Objective: To investigate the presence of FSH receptor gene mutations in women with premature ovarian failure (POF).
Design: Clinical and molecular studies.
Setting: Research laboratory in a university setting.
Patient(s): Fifteen 46,XX women with POF and 42 normal fertile controls.
Intervention(s): Exon 7 was amplified and digested with BsmI to screen for the previously described inactivating mutation C566T. Exon 10 was screened for mutations by denaturing gradient gel electrophoresis and direct sequencing.
Main outcome measure(s): Polymerase chain reaction followed by restriction enzyme analysis, denaturing gradient gel electrophoresis, and direct sequencing.

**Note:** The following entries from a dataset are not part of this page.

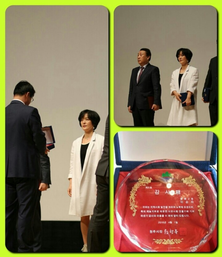 내용 : 원주시에서 주최하는 "재능기부 봉사활동 감사패"를 이순자대원님이 받으셨어요
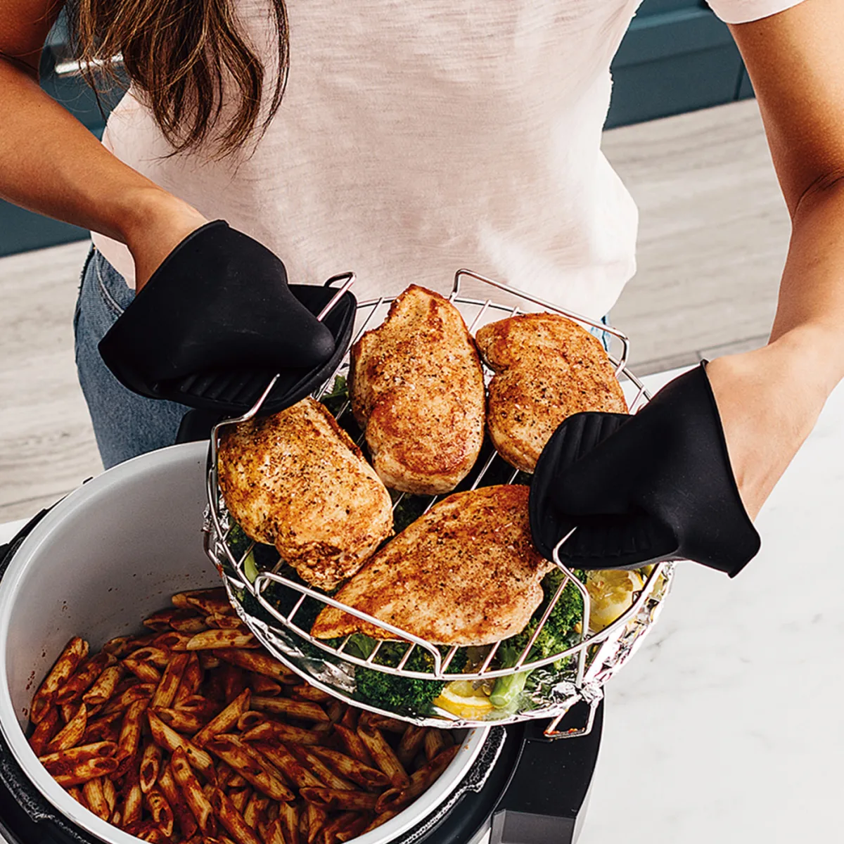 Includes a 6L non-stick ceramic-coated Cooking Pot which fits up to a 2kg roast, a 3.7L non-stick ceramic coated Cook & Crisp Basket which fits 1.1kg of French fries, and a single-tier rack – perfect for layering ingredients to mains and sides at the same time, or raising food for steaming, baking and grilling.
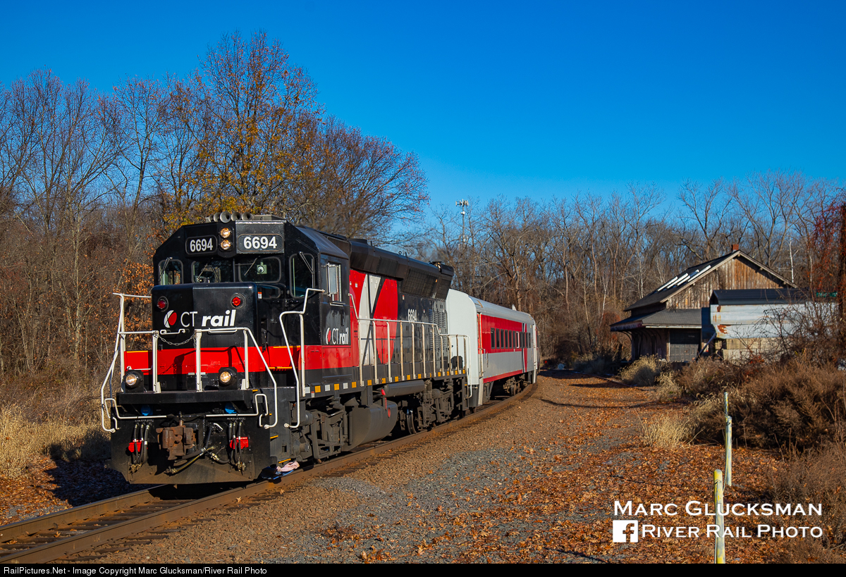 Not stopping here anymore. The former NH Warehouse Point Depot in Enfield, CT has been out of use for many years as we see it in the background on Friday, November 23, 2018. Hartford Line CT Rail Train 4407, with 6694 (GP40-2H) leading, displays the new "Coke Zero" paint scheme of CT Rail.
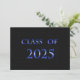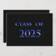 Clase de tarjeta 2025 con textura negra para el fondo y azul para el nombre. La parte posterior es una textura negra con letras azules para los anuncios de graduación.

Result(s): No inactivating mutations were identified in exons 7 and 10 of the FSH receptor gene in women with familial or sporadic POF. Exon 10 had two polymorphisms, G919A and G2039A, whose allelic frequencies were 46.7% and 56.6%, respectively, in women with POF. The allelic frequency of both polymorphisms was 59.5% in normal fertile controls.
Conclusion(s): No inactivating mutations in exons 7 and 10 of the FSH receptor gene were identified in Brazilian women with POF. A high frequency of two polymorphisms that are in linkage disequilibrium was found in exon 10 of this gene.